* Records supplied
----
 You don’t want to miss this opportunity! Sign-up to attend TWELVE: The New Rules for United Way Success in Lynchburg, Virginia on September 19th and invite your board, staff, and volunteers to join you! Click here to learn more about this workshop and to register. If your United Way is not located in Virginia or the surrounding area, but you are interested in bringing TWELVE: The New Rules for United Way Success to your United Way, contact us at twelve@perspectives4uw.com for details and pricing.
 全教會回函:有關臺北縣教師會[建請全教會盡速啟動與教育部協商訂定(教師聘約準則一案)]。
----
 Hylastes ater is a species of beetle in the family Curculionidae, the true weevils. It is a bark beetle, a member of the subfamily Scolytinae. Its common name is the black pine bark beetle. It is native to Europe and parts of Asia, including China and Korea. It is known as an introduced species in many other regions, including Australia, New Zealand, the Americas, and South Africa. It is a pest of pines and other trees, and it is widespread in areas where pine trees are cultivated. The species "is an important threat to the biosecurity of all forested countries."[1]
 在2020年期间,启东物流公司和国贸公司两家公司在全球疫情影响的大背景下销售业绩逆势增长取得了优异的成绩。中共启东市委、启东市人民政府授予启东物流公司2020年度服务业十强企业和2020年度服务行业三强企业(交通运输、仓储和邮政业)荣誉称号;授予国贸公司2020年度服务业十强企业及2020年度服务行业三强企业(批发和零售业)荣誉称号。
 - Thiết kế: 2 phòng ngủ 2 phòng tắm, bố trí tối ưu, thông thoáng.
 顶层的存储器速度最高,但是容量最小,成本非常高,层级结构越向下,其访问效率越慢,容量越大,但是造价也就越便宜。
----
* Exercise objective
Transcribe, exactly and without additions, the lines of the records above, beginning with the line that contains "Hylastes ater is" and ending with the line that contains "在2020年期间,启东物流公", both included.

* Answer to this task
 Hylastes ater is a species of beetle in the family Curculionidae, the true weevils. It is a bark beetle, a member of the subfamily Scolytinae. Its common name is the black pine bark beetle. It is native to Europe and parts of Asia, including China and Korea. It is known as an introduced species in many other regions, including Australia, New Zealand, the Americas, and South Africa. It is a pest of pines and other trees, and it is widespread in areas where pine trees are cultivated. The species "is an important threat to the biosecurity of all forested countries."[1]
 在2020年期间,启东物流公司和国贸公司两家公司在全球疫情影响的大背景下销售业绩逆势增长取得了优异的成绩。中共启东市委、启东市人民政府授予启东物流公司2020年度服务业十强企业和2020年度服务行业三强企业(交通运输、仓储和邮政业)荣誉称号;授予国贸公司2020年度服务业十强企业及2020年度服务行业三强企业(批发和零售业)荣誉称号。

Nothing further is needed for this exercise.